Phase 2 — Retrieval (At Query Time)

1. User sends a question
2. Question is converted into a vector (embedding)
3. Vector database finds the most similar document chunks
4. Top matching chunks are retrieved

Phase 3 — Generation

1. Retrieved chunks + user question are combined into a prompt
2. Prompt is sent to the LLM
3. LLM generates an answer grounded in the retrieved context

What Are Embeddings?

An embedding is a list of numbers that represents the meaning of a text. Similar texts have similar embeddings (numbers close together), and dissimilar texts have very different embeddings.

"What is machine learning?"
→ Embedding: [0.12, -0.45, 0.87, 0.23, ...]  (hundreds of numbers)

"Machine learning is a type of AI"
→ Embedding: [0.11, -0.44, 0.89, 0.21, ...]  (very similar numbers)

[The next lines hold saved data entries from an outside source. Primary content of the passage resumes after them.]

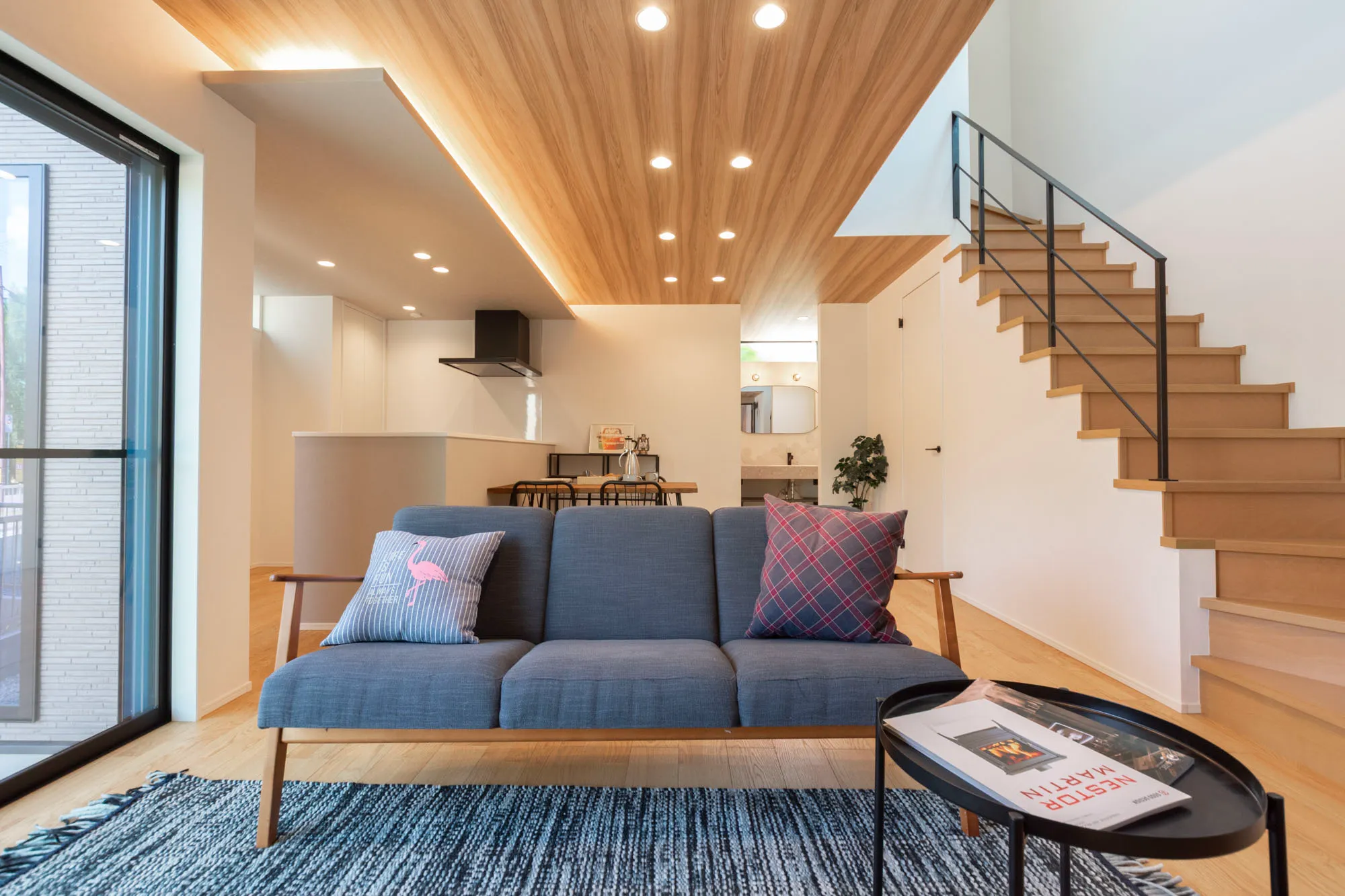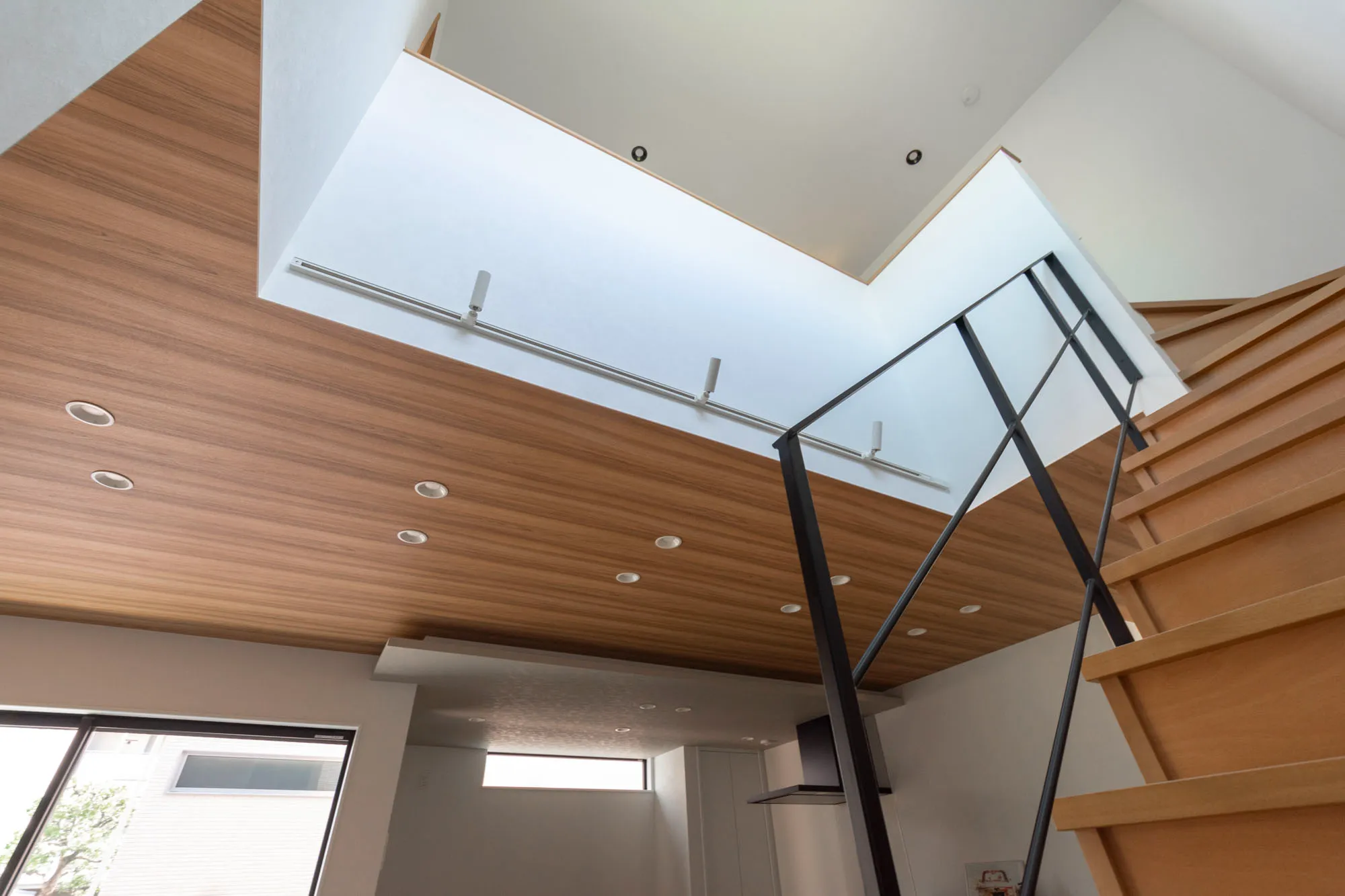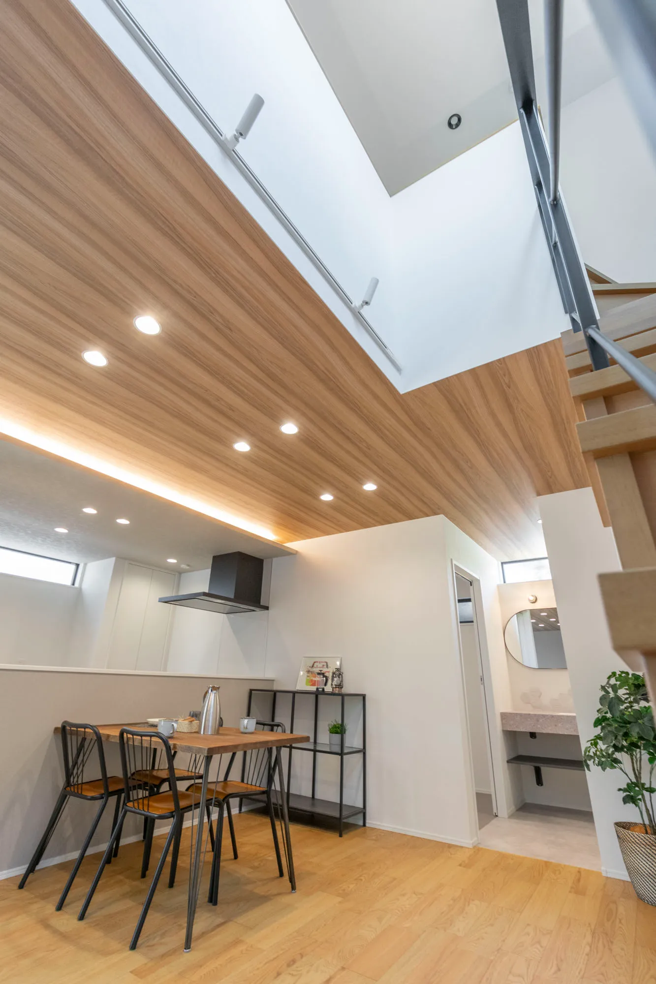 視界を広げてくれるLDK天井も木目クロスと階段の吹き抜けは圧巻です。
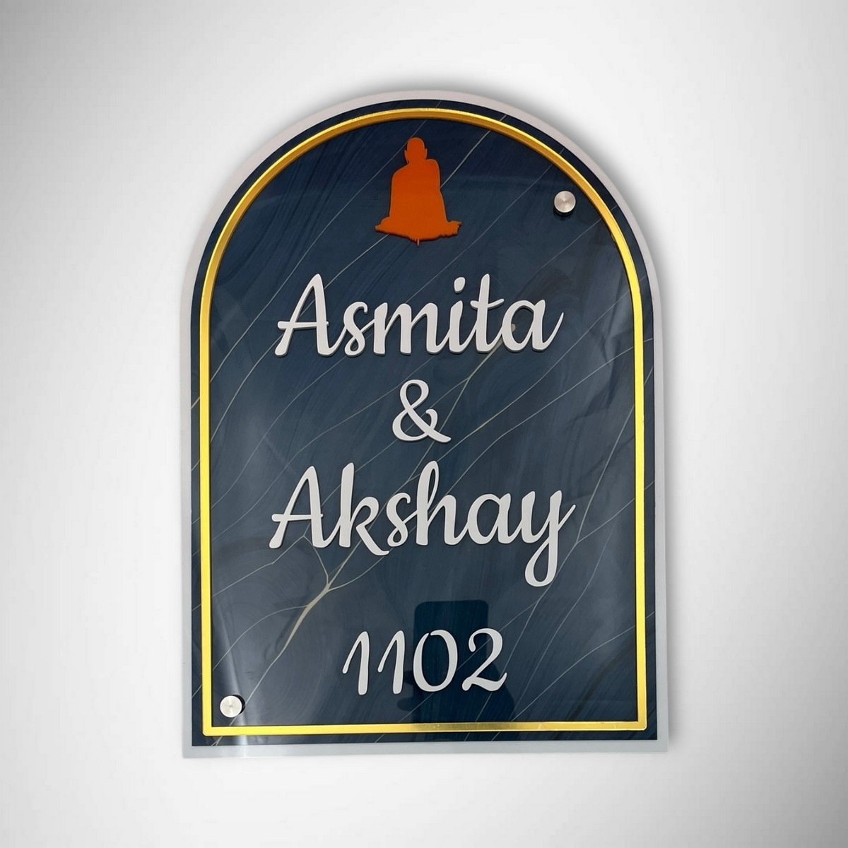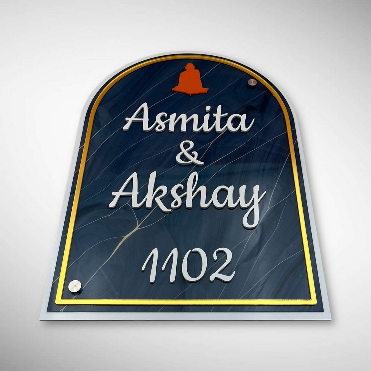 Enhance your home’s entrance with this ACP-based blue acrylic nameplate. Featuring UV printed textured letters, it’s personalized for Asmita & Akshay and built to last. Ideal for modern homes, offices, or gifting, this nameplate makes a stylish statement.
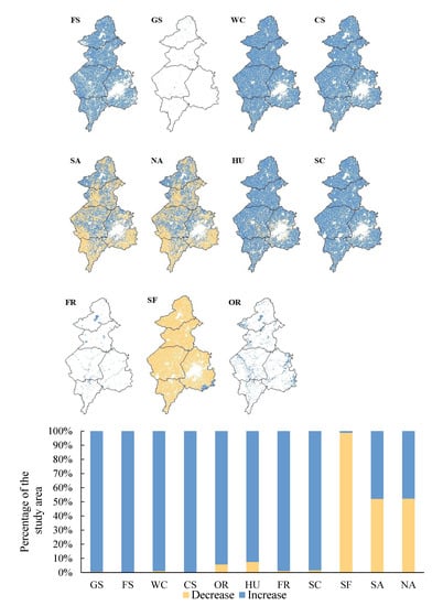 Spatial distribution of increases and decreases in ES during 2000 and 2019, food supply (FS), grass supply (GS), water conservation (WC), carbon sequestration (CS), SO2 absorption (SA), NOx absorption (NA), humidification (HU), soil conservation (SC), flood regulation (FR), soil fixation (SF), and outdoor recreation (OR).
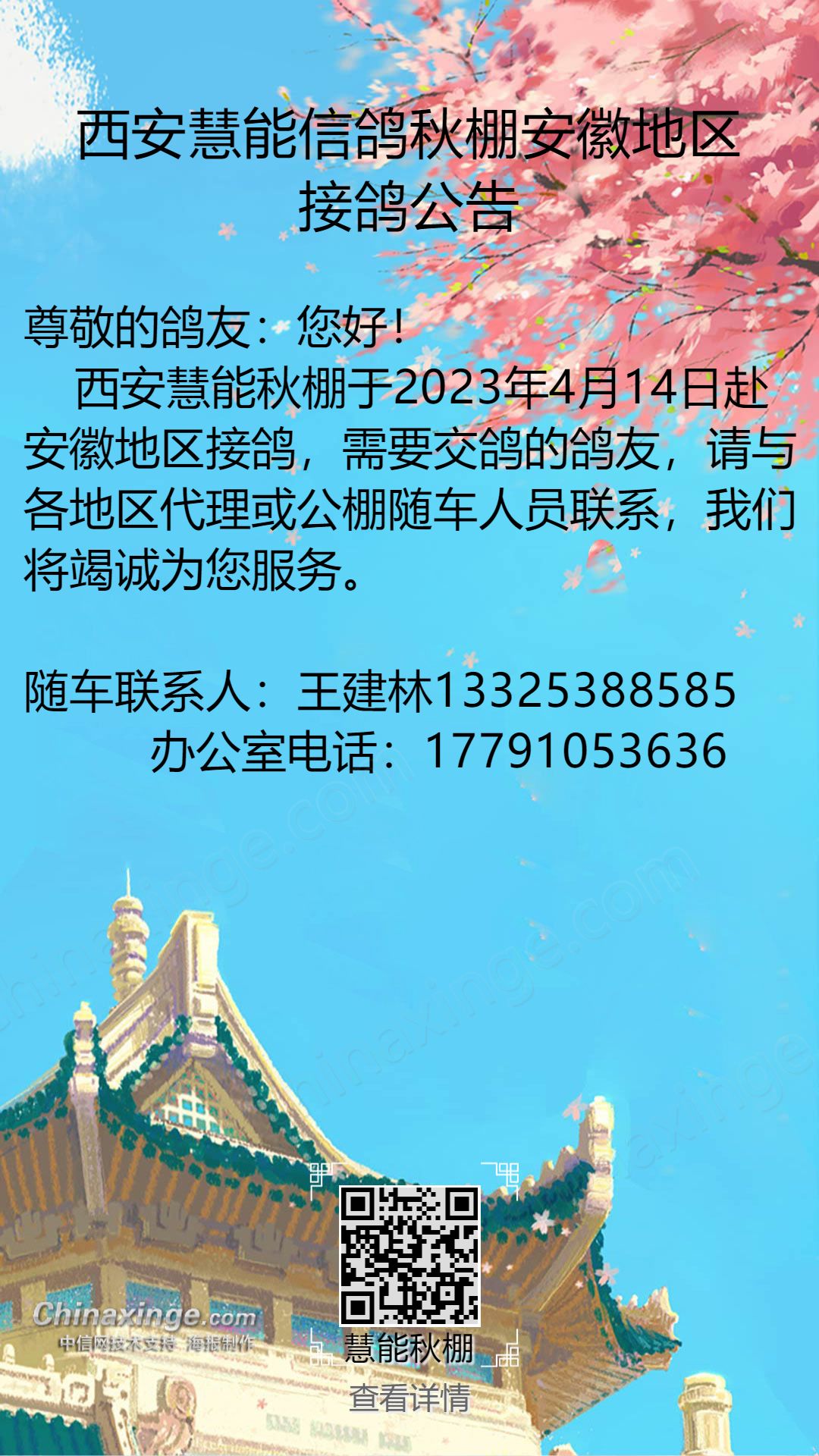 西安慧能信鸽秋棚安徽地区 接鸽公告
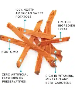 Crumps’ Naturals Sweet Potato Fries are just like the original Sweet Potato Chews but cut into small ‘fries’, perfect for smaller mouths. These pure slices of sweet potato (yam) are slow-baked to become a chewy treat that dogs love! Made from **Human-grade, Ontario grown sweet potatoes**, nothing else is added, making these treats an excellent choice for dogs with sensitivities.
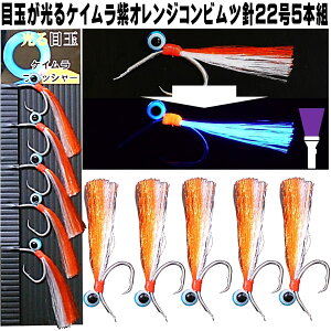 紫外線 蛍光発光 ケイムラ目玉 紫外線 蛍光発光 ケイムラ巻きそ(巻き糸) 紫外線 蛍光発光 ケイムラ2色コンビフラッシャー ムツ針 22号 太地 5本組 トリプルケイムラ発光で魚の視覚を刺激する もはやフラッシャーの領域を超えた疑似...
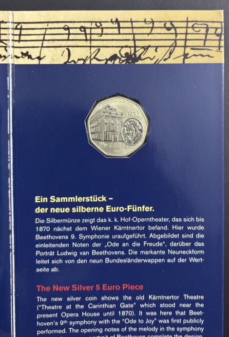Na reversu kovanice prikazan je Beethoven uz bečku Operu (Kärntnertor-Theater), mjesto gdje je prvi put izvedena 9. simfonija, dok avers nosi nominalnu vrijednost 5 eura u karakterističnom deveterokutnom obliku austrijskih srebrnjaka.
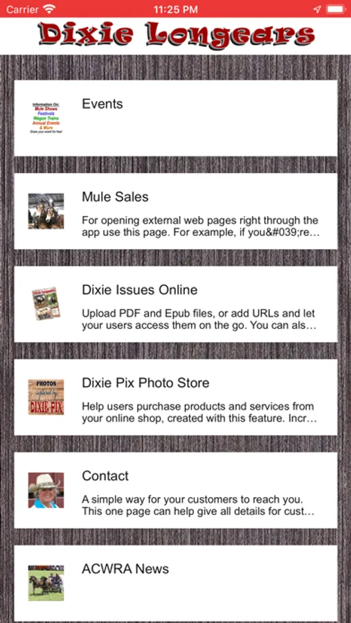 An APP offering immediate access to information related to Dixie Longears Magazine.
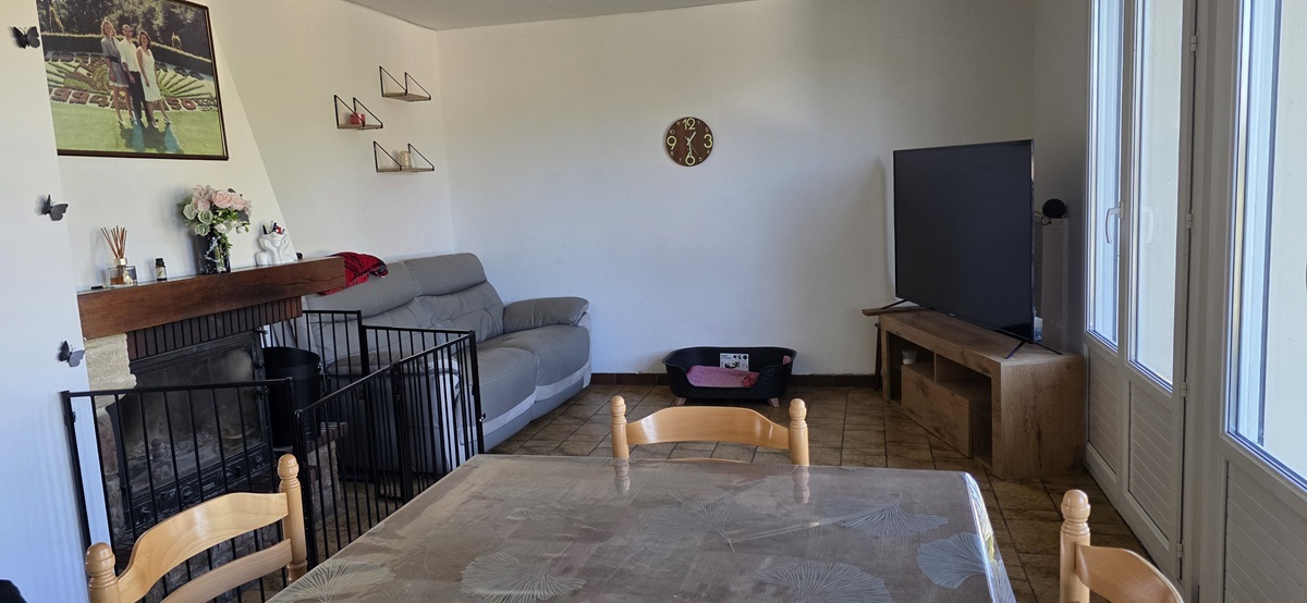- au rez-de-chaussée : entrée , séjour salon avec cheminée, cuisine aménagée,  trois chambres, salle d'eau, wc,
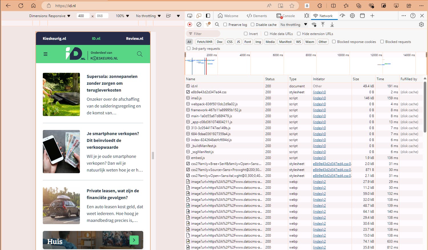 Om snel een idee te krijgen van welke informatie tijdens dit verkeer tussen je browser en de webserver wordt uitgewisseld, druk je in Chrome of Edge op F12 en houd je het tabblad Netwerk geopend.
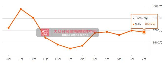 淄博7月二手房均价 8803 元/m²
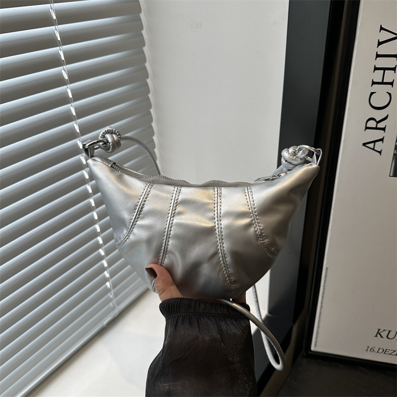 2024秋季韩版洋气纯色链条牛角饺子包气质时髦休闲感单肩腋下包

"The weather is nice today"
→ Embedding: [-0.67, 0.31, -0.12, 0.78, ...]  (very different numbers)

When a user asks a question, its embedding is compared against all stored document embeddings to find the most relevant chunks — this is called semantic search.

Building a Simple RAG System

# rag_system.py
# Install required packages:
# pip install openai chromadb tiktoken

import os
import json
from dotenv import load_dotenv
import openai
import chromadb

load_dotenv()
client = openai.OpenAI(api_key=os.getenv("OPENAI_API_KEY"))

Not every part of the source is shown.